**SUPPLIED DATA**.
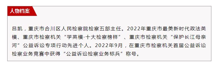 “以司法力量守护好合川三江六岸,让家乡河生机永续,是我的职责担当。”作为一名公益诉讼检察官,吕凯用3年时间几乎走遍合川200多条河流,所在部门办理群众反映强烈的环境污染、食品药品安全等领域公益诉讼案件180余件。
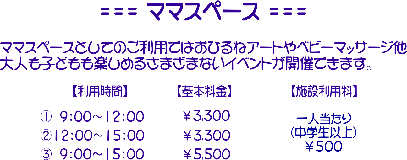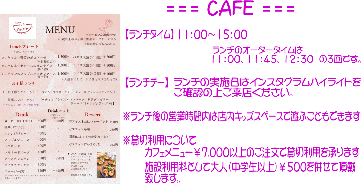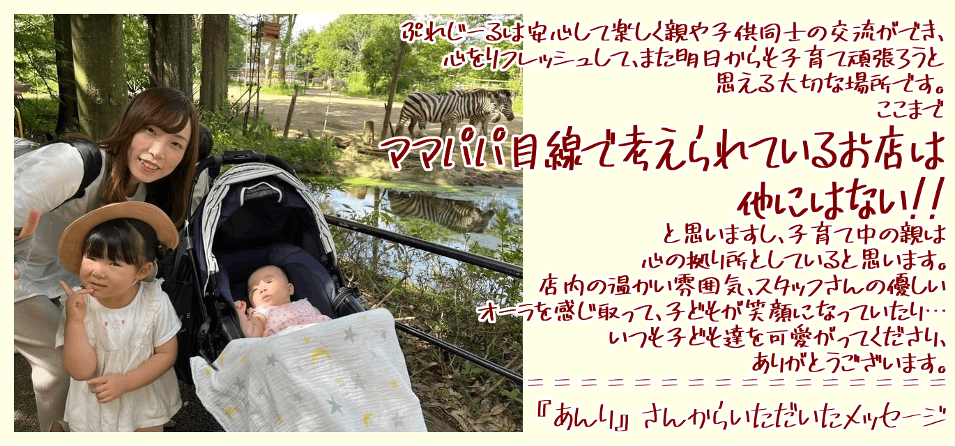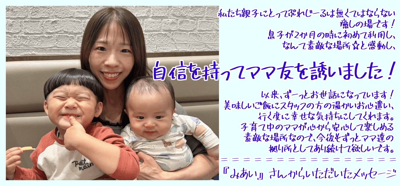 をコンセプトに、ママ・赤ちゃん・子どもたちを"応援したい""笑顔にしたい"という想いで続けてきたママカフェです。
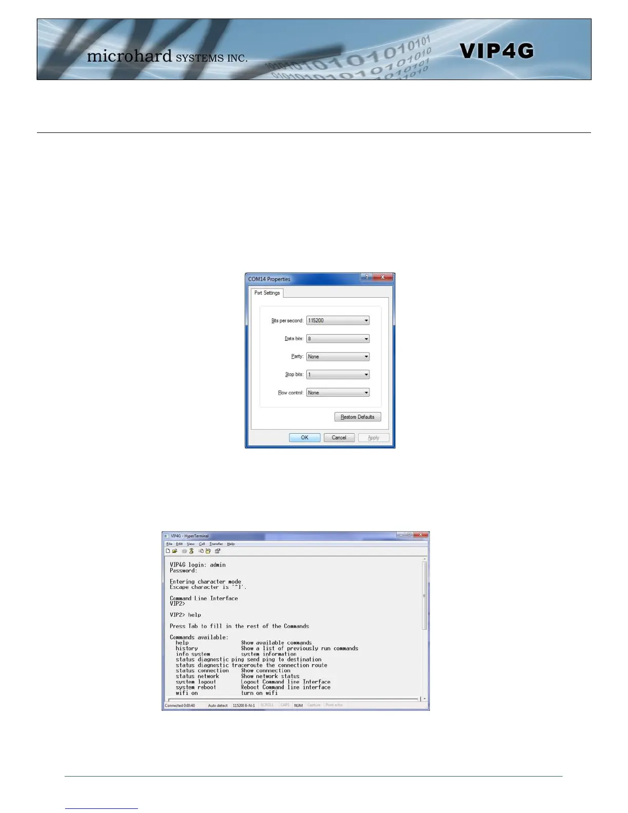 ProComm, Putty etc) can then be used to communicate with the VIP4G.
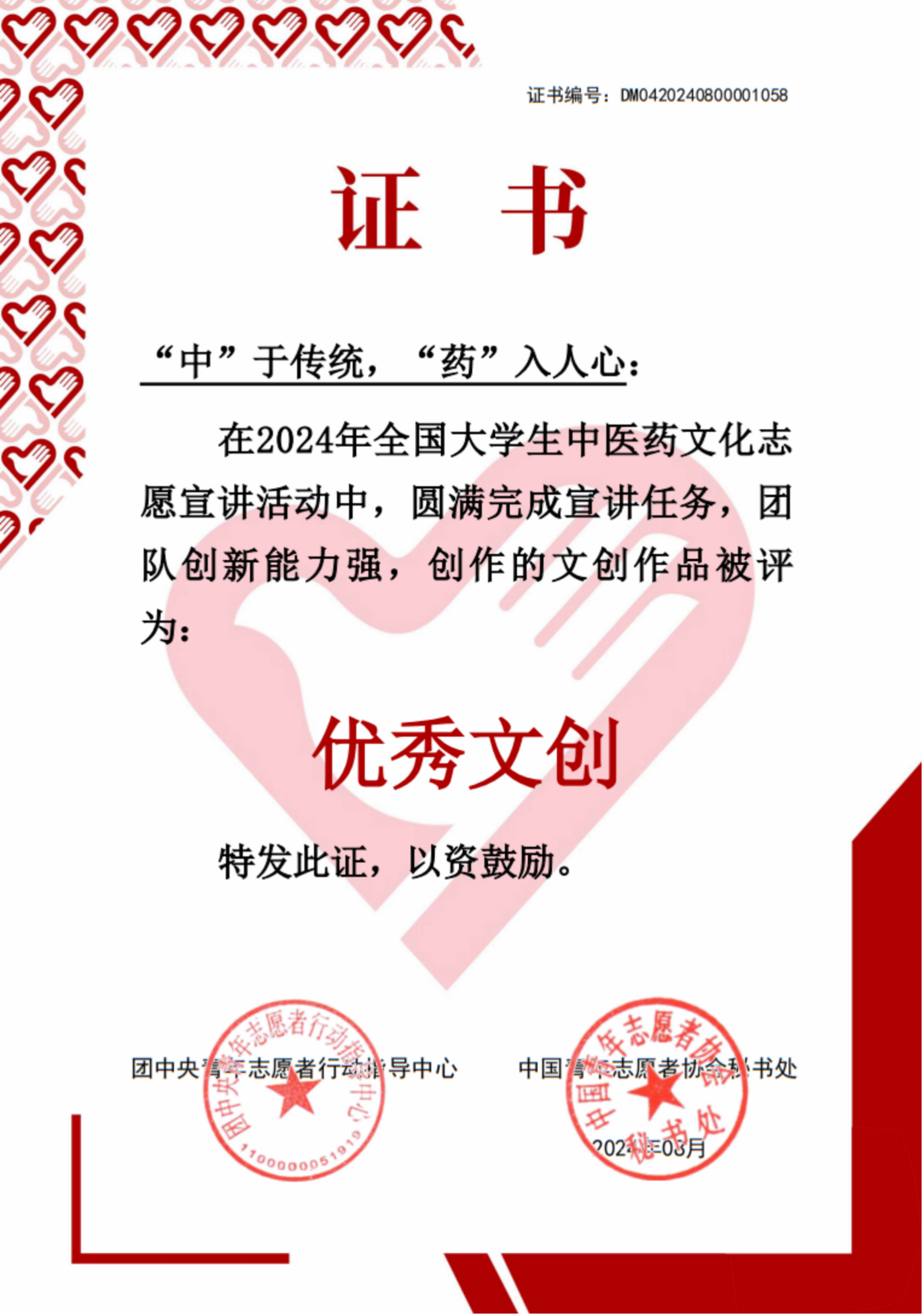 在近日揭晓的2024年全国大学生中医药文化精神志愿宣讲活动评选中,来自全国各地的中医药宣讲团凭借其出色的创意和深厚的文化底蕴,纷纷脱颖而出,我校生物医药学院“‘中’于传统,‘药’入人心”志愿宣讲团所创作的文创产品荣获“优秀文创”奖项。
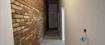 Különlegessége a folyosó teljes fala briliánsan kilátszó téglás, ami egyedi karaktert kölcsönöz a lakásnak.
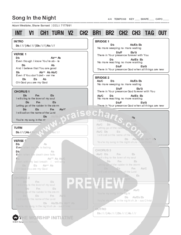 Song In The Night Chord Chart (The Worship Initiative / Shane & Shane)
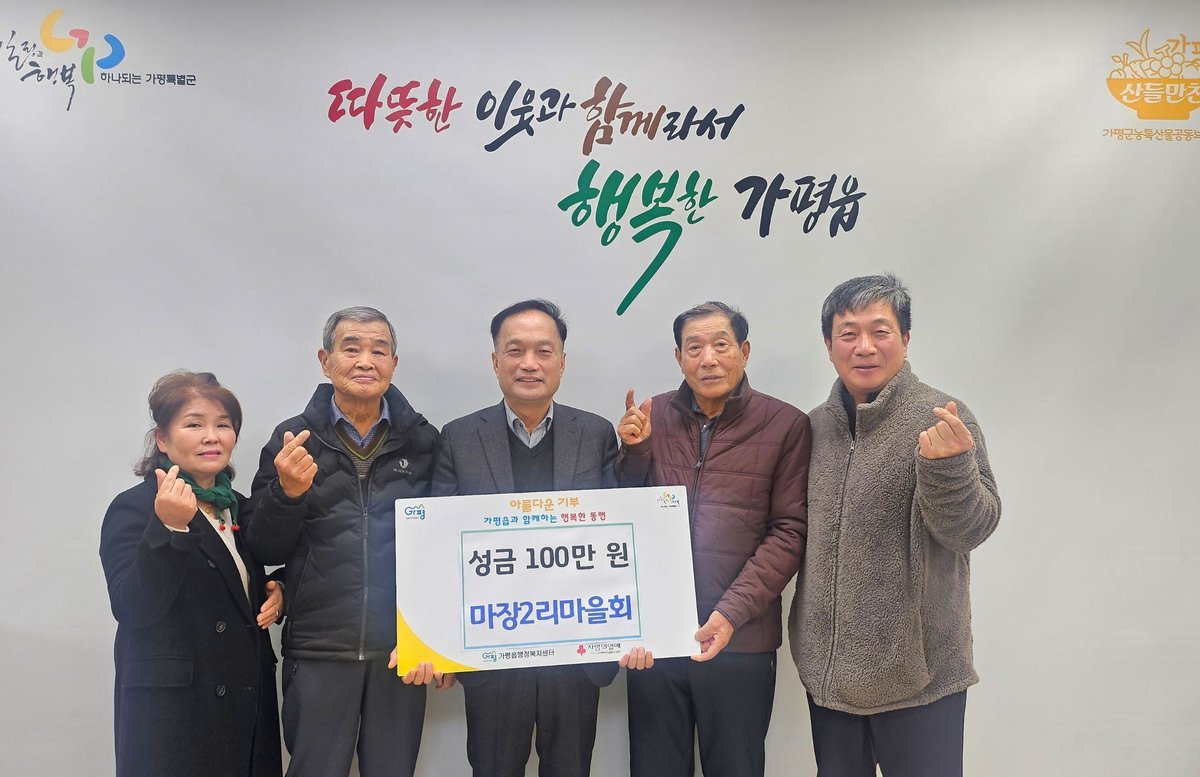 가평군 가평읍 마장2리 마을회, 성금 1백만 원 기탁 (가평군 제공) [PEDIEN] 가평군 가평읍 마장2리 마을회가 최근 따뜻한 나눔을 실천하며 지역 사회에 훈훈함을 더하고 있다.마장2리 마을회는 가평읍 행정복지센터에 어려운 이웃을 돕기 위한 성금 100만원을 전달했다.이번 성금은 지난 7월 집중호우 당시 마장리 일대가 겪었던 수해의 아픔을 극복하는 과정에서 받은 도움에 대한 감사의 마음을 담아 마련됐다.최중호 마장2리 이장은 수해 당시 가평읍 행정복지센터와 다른 마을들의 도움 덕분에 어려움을 이겨낼 수 있었다며, 받은 사랑을 어려운 이웃에게 되돌려주고자 성금을 기탁하게 되었다고 밝혔다.장석조 가평읍장은 마장2리 마을회의 따뜻한 마음에 감사를 표하며, 가평읍 행정복지센터 또한 더욱 노력하여 지역 사회에 봉사할 것을 약속했다.이번 마장2리 마을회의 성금 기탁은 수해의 아픔을 딛고 일어서는 과정에서 이웃을 먼저 생각하는 따뜻한 마음을 보여주는 사례로, 지역 사회에 귀감이 되고 있다. -
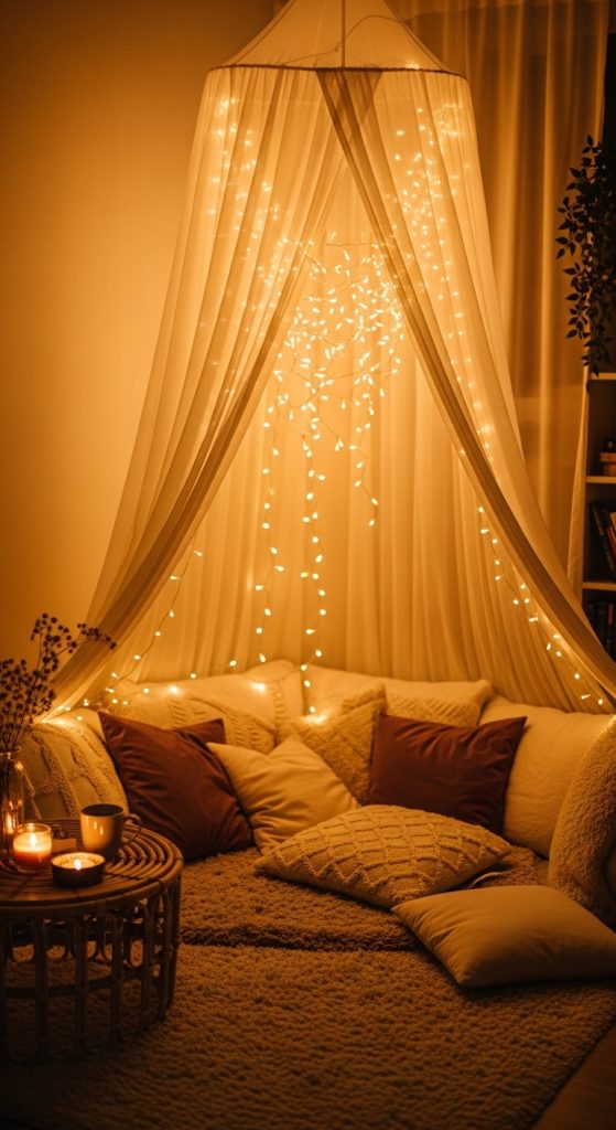 A fairy light canopy transforms a simple corner into a visually engaging and relaxing space. This idea uses lighting as a decorative element, creating depth and warmth in the room. It is particularly useful for small apartments where lighting can define different zones without physical partitions.
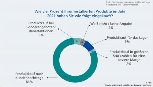 In dem noch jungen Markt der Elektromobilität agieren Installateure durch den stark wachsenden Markt für Ladestationen aktuell sehr bedarfsabhängig, wie die Untersuchungsergebnisse belegen. Mit durchschnittlich 81 Prozent dominiert in 2021 der Produktkauf nach Kundennachfrage. Die Beschaffung höherer Stückzahlen zu geringeren Stückkosten oder der Produktkauf zur Lagerhaltung liegt bislang lediglich bei einer Minderheit der Installateure vor. Gleichermaßen warten lediglich fünf Prozent der Installateure auf Sonderangebote oder Rabattaktionen, um ihre Bestellungen für Ladestationen zu tätigen.
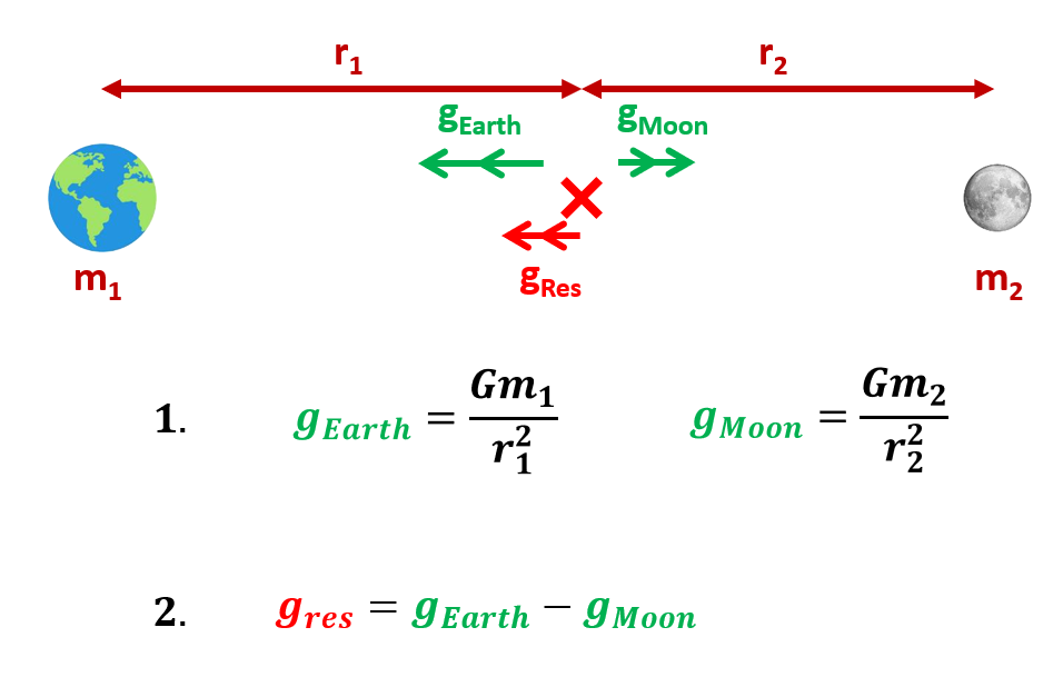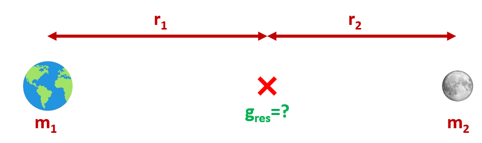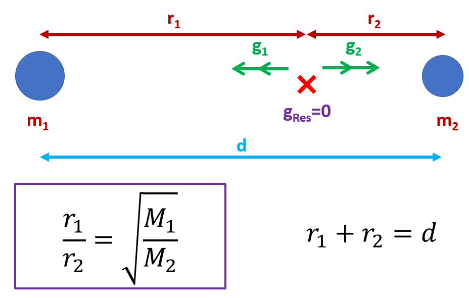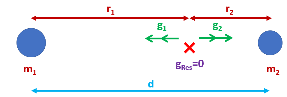 How do you you calculate the field strength (or force) neutral point between two bodies in a gravitational field?
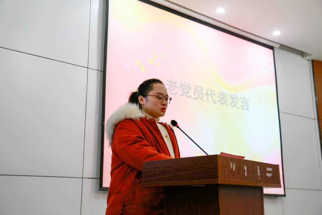 宣誓完毕,徐航宇同志代表新发展党员发言,她表示今后会更加勤奋学习,不断加强党性修养,坚定共产主义理想信念,在思想上、行动上与党组织保持高度一致,在生活、学习和工作中起到先锋模范作用。紧跟时代步伐,不断提升为人民服务的本领和能力,为党的建设做出贡献。
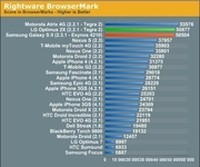 iPhone 4S接受测试的是Rightware公司所设计的Browsermark,该软件主要是测试手机网页浏览器的效能。最后iPhone 4S得分为51302,仅落后摩托的Atrix 4G,但超越三星Galaxy S II、LG Optimus 2X等众多热门手机。
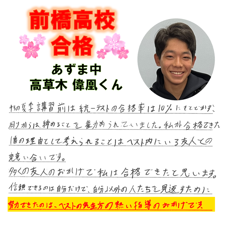 私が合格できた1番の理由として考えられることは、ベスト内にいる友人との競い合いです。多くの友人のおかげで私は合格できたと思います。信頼できるのは自分だけで、自分以外の人たちを見返すために努力できたのは、ベストの先生方の熱い指導のおかげです。
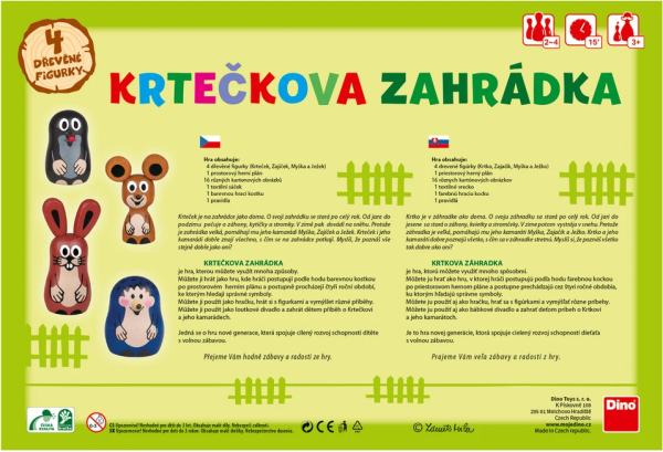 Krtkova záhradka je hra, kde hráči postupujú podľa hodu farebnou kockou po priestorovom hernom pláne a postupne prechádzajú štyri ročné obdobia, ku ktorým hľadajú správne symboly. Vek: 3+
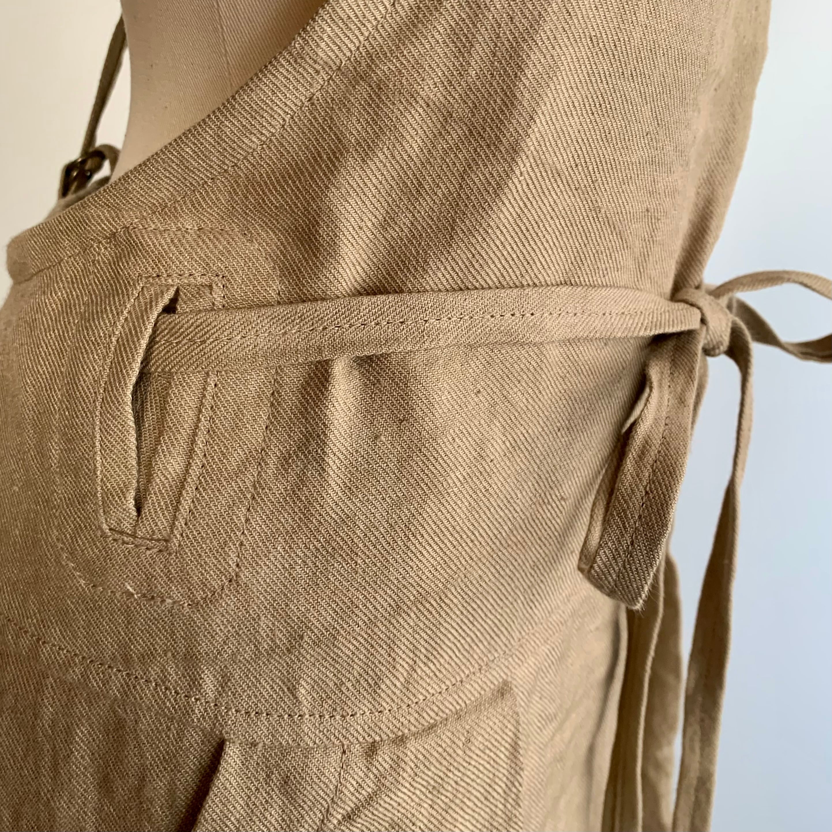 ・着るときは、後ろでラップするのですが、左手に持ったウエスト端のひもを、右脇の
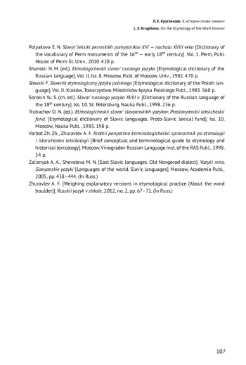 36. Шанский Н. М. (ред.). Этимологический словарь русского языка. Т. II, вып. 8 (К). М.: Изд-во Московского университета, 1982. 470 с.
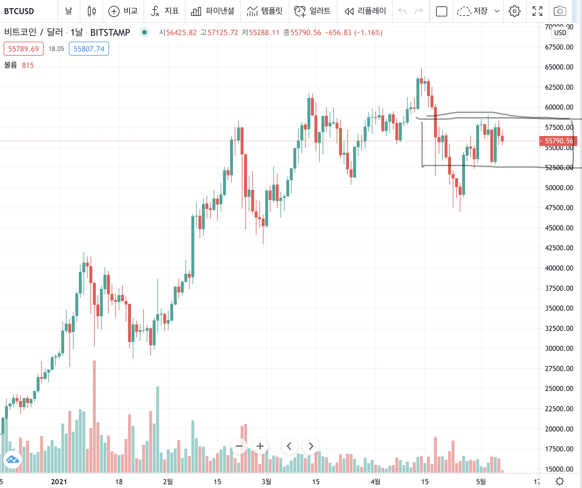 5.4일 비트코인 지지선 무너졌다. (1) | 2021.05.04 |
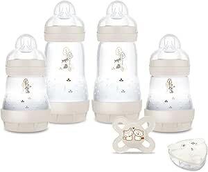 MAM|Mon coffret Naissance(6 produits)Sable 4 biberons Easy Start Anti-Colique+1 sucette Naissance+1 boîte doseuse offerte–Cadeau de naissance idéal avec biberons et tétine ultra douce-dessin aléatoire : Amazon.fr: Bébé et Puériculture

**PROBLEM TO SOLVE**. Retyping should start at the first line of the data above and stop after the line with "A fairy light", and no picture should be included.

**FINISHED TASK**.
 “以司法力量守护好合川三江六岸,让家乡河生机永续,是我的职责担当。”作为一名公益诉讼检察官,吕凯用3年时间几乎走遍合川200多条河流,所在部门办理群众反映强烈的环境污染、食品药品安全等领域公益诉讼案件180余件。
 をコンセプトに、ママ・赤ちゃん・子どもたちを"応援したい""笑顔にしたい"という想いで続けてきたママカフェです。
 ProComm, Putty etc) can then be used to communicate with the VIP4G.
 在近日揭晓的2024年全国大学生中医药文化精神志愿宣讲活动评选中,来自全国各地的中医药宣讲团凭借其出色的创意和深厚的文化底蕴,纷纷脱颖而出,我校生物医药学院“‘中’于传统,‘药’入人心”志愿宣讲团所创作的文创产品荣获“优秀文创”奖项。
 Különlegessége a folyosó teljes fala briliánsan kilátszó téglás, ami egyedi karaktert kölcsönöz a lakásnak.
 Song In The Night Chord Chart (The Worship Initiative / Shane & Shane)
 가평군 가평읍 마장2리 마을회, 성금 1백만 원 기탁 (가평군 제공) [PEDIEN] 가평군 가평읍 마장2리 마을회가 최근 따뜻한 나눔을 실천하며 지역 사회에 훈훈함을 더하고 있다.마장2리 마을회는 가평읍 행정복지센터에 어려운 이웃을 돕기 위한 성금 100만원을 전달했다.이번 성금은 지난 7월 집중호우 당시 마장리 일대가 겪었던 수해의 아픔을 극복하는 과정에서 받은 도움에 대한 감사의 마음을 담아 마련됐다.최중호 마장2리 이장은 수해 당시 가평읍 행정복지센터와 다른 마을들의 도움 덕분에 어려움을 이겨낼 수 있었다며, 받은 사랑을 어려운 이웃에게 되돌려주고자 성금을 기탁하게 되었다고 밝혔다.장석조 가평읍장은 마장2리 마을회의 따뜻한 마음에 감사를 표하며, 가평읍 행정복지센터 또한 더욱 노력하여 지역 사회에 봉사할 것을 약속했다.이번 마장2리 마을회의 성금 기탁은 수해의 아픔을 딛고 일어서는 과정에서 이웃을 먼저 생각하는 따뜻한 마음을 보여주는 사례로, 지역 사회에 귀감이 되고 있다. -
 A fairy light canopy transforms a simple corner into a visually engaging and relaxing space. This idea uses lighting as a decorative element, creating depth and warmth in the room. It is particularly useful for small apartments where lighting can define different zones without physical partitions.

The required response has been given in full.